What’s a party without the Cha Cha Slide?

For anyone that has been to a party with a DJ probably has danced and sung along to the Cha Cha Slide, a group dance that tells the dancers what moves to make next.  The directorial number, first recorded by DJ Casper, is one of the most popular group dance songs of the last decade.  But what makes this simple straight forward group dance mix such an addictive success?

The answer is simple, literally.  The Cha Cha Slide’s success comes with its simplicity.  The fact that every person at a party whether it be a 8-year-old girl to her 85-year-old grandfather can follow along to the lyrics of the Cha Cha Slide and dance along.  What the Cha Cha slide has done for the world of dance parties, proms, sweet sixteens and anniversary parties has changed the way our culture reacts to group dances in general and what it has done for the environment at any dance party.

Many people have heard of the international hit the Macarena, which became a hit throughout the early 90s.  Likewise, for those that have dance along to the latin group dance have also taken part in dancing to numbers like the Electric Slide, and the famous Chicken Dance.  For the Cha Cha slide a much wider audience is captured here, seeing as it appeals to dancers of all ages. 

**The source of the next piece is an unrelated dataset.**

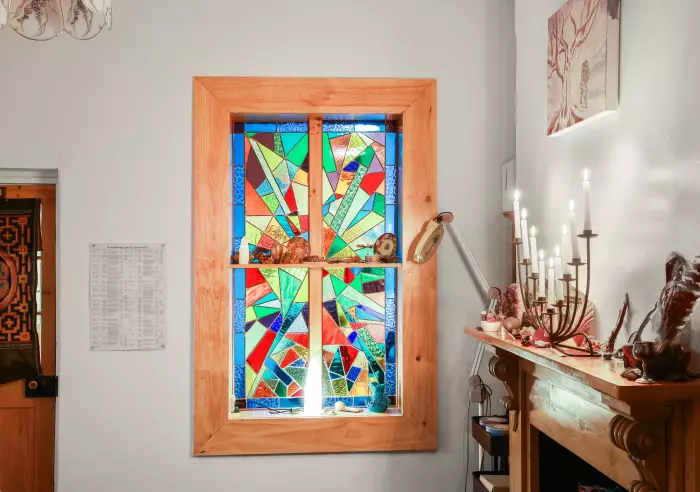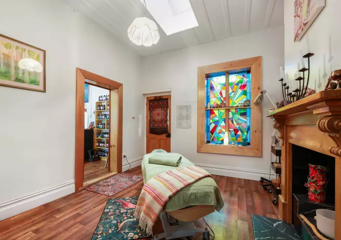 There are two more bedrooms currently used as office and massage/therapy room which has a decorative fireplace and the most stunning stain glass window with a pallet of rainbow colours.

What sets apart the appeal of group dance numbers at parties such as the Cha Cha Slide or the Cotton Eye Joe is it’s ability to bring everyone at the party to the dance floor.  Everyone has a different style of dance, like a language and tone all their own.  As for dance, there are only so many that can hold a beat, or swing their hips to the music just the right way to be considered socially acceptable.  However, the Cha Cha Slide takes the pressure of having the most interesting or even just the most acceptable dance moves for you by telling dancers what to do next.  The Cha Cha Slide takes the simplest of dance moves such as sliding to the left, the right or doing a criss cross.  Any dancer doesn’t have to think about what to do next because they know that they will be told.  

On a grander scale the playing of the Cha Cha Slide, or any group dance song for that matter has the ability to bring everyone together at a social gathering.  Instantly any current inhibitions, awkward dance moves, or age barrier at a party are removed and allow people to come together and simply have some fun.

While there are a number of different songs and genres also comes those that bring everyone together.  If anyone is to study the different styles of taste in music has to also study those songs that bring people all together.  In a party setting the ability for these songs to bring together an entire room demonstrates the importance of people feeling comfortable and as though belong.  The Cha Cha Slide has an never ending connection to the memories surrounding those birthday parties, sweet sixteens, weddings, anniversary parties and proms where people danced together to those lyrics.  Those lyrics of “how low can you go” and “cha cha real slow now” relate to a time and place as well as a general memory of dancing and having fun with those around you.

Through these memories of dancing to the Cha Cha Slide comes the establishment of tradition in American culture.  The simplicity of a song such as the Cha Cha Slide can open a spiral of memories that span throughout a person’s childhood.  The Cha Cha Slide is establishing the significance of place that a person can return just like everyone else when they make their way to the dance floor upon hearing the first few words.  The Cha Cha Slide has established a level of similarity, tradition, and has created many memories for music fans and dancers and non-dancers of all ages.


One thought on “What’s a party without the Cha Cha Slide?

  1. This post was enjoyable to read as myself and I’m sure many others can relate to it. Not being the dancer in the world, I agree that its simplicity and catchy beat makes it so everyone can be apart of it without feeling goofy or uncomfortable. I don’t know of a single person who dislikes the cha cha slide which separates it from other dances. As a result, I see it continuing as a tradition in American culture, because of its simple dance moves along with the fact how it is not overplayed and how even 20 years later, its still as fresh and enjoyable as it was since its release.